Since I just have a simple wooden fruit press, I combine it all.


----------



## NorCal (Oct 1, 2017)

I've tasted my free and pressed, the best was when it was combined.


----------



## Boatboy24 (Oct 1, 2017)

I'm not producing at a sufficient volume for me to get that picky. It all goes together.


----------



## TonyR (Oct 1, 2017)

I think a lot depends on how hard you press. I do a very soft pressing, the solids don't even form into a block, they stay lose. I think if you press hard way to much sediment (lees) go into the wine and you end up losing even more wine thru many rackings than extra wine you gain by hard pressing. Just my 2 cents.


----------



## stickman (Oct 1, 2017)

I also have a simple basket press and do only moderate pressing and combine as needed to fill vessels.

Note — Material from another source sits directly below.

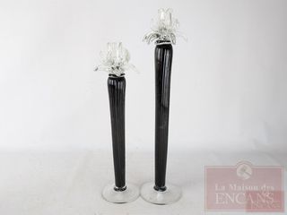 | #188 | Paire de chandeliers en verre soufflé, mesurant 18 pouces de hauteur Paire de chandeliers en verre soufflé, mesurant 18 pouces de hauteur | ||

I have often thought that there are components of each that need to be together during aging. I would keep it separate if I thought there was something really wrong, like bitterness due to under ripe grapes etc. It might make sense to keep it separate if you did something crazy like a 60 day extended maceration, or maybe pressing at high pressures with a hydraulic unit.


----------



## jgmann67 (Oct 1, 2017)

I use a bucket press for mine, so I stop pressing long before things get too tannic. But, like BBJim, I don't make enough to keep 'em separated.


----------



## Rocky (Oct 2, 2017)

My Grandfather had a simple formula for this. The free run was always kept separate and was for family and good friends. The pressed wine was for not so good friends, cooking and vinegar.


----------



## Donz (Oct 2, 2017)

I have always combined the 2 and had good results.


----------



## zadvocate (Oct 2, 2017)

I was planning on combining and these responses confirmed my thoughts. Its not a lot of juice and I did a fairly light pressing.


----------



## JohnT (Oct 2, 2017)

I combine free and pressed until I get down to just a trickle. I then start separating.


----------



## FTC Wines (Oct 2, 2017)

I too combine free & pressed juice, with 4 lugs of each Grape variety, I have just enough wine for my barrel & topping off. Roy


----------



## pete1325 (Oct 7, 2017)

We do a hard press and combine. We have a hydraulic press so we get every drop out of the grapes. The cake is so dense sometimes that it takes a crowbar to break it up. We only leave on the skins for a week after crushing and I agree with getting too much sediment/lees doing it this way.....but I think it adds a little something to the finished wine. JMO


----------



## Smok1 (Oct 7, 2017)

I pressed last night, i kept them seperate for now, will mlf both and then use the pressed to top up the free run and then do some taste testing to see whats what.


----------



## terroirdejeroir (Oct 10, 2017)

I have only made a separate press run bottling one time. It was a 2013 Merlot and it was one of the best wines I have ever made. Only five bottles...


----------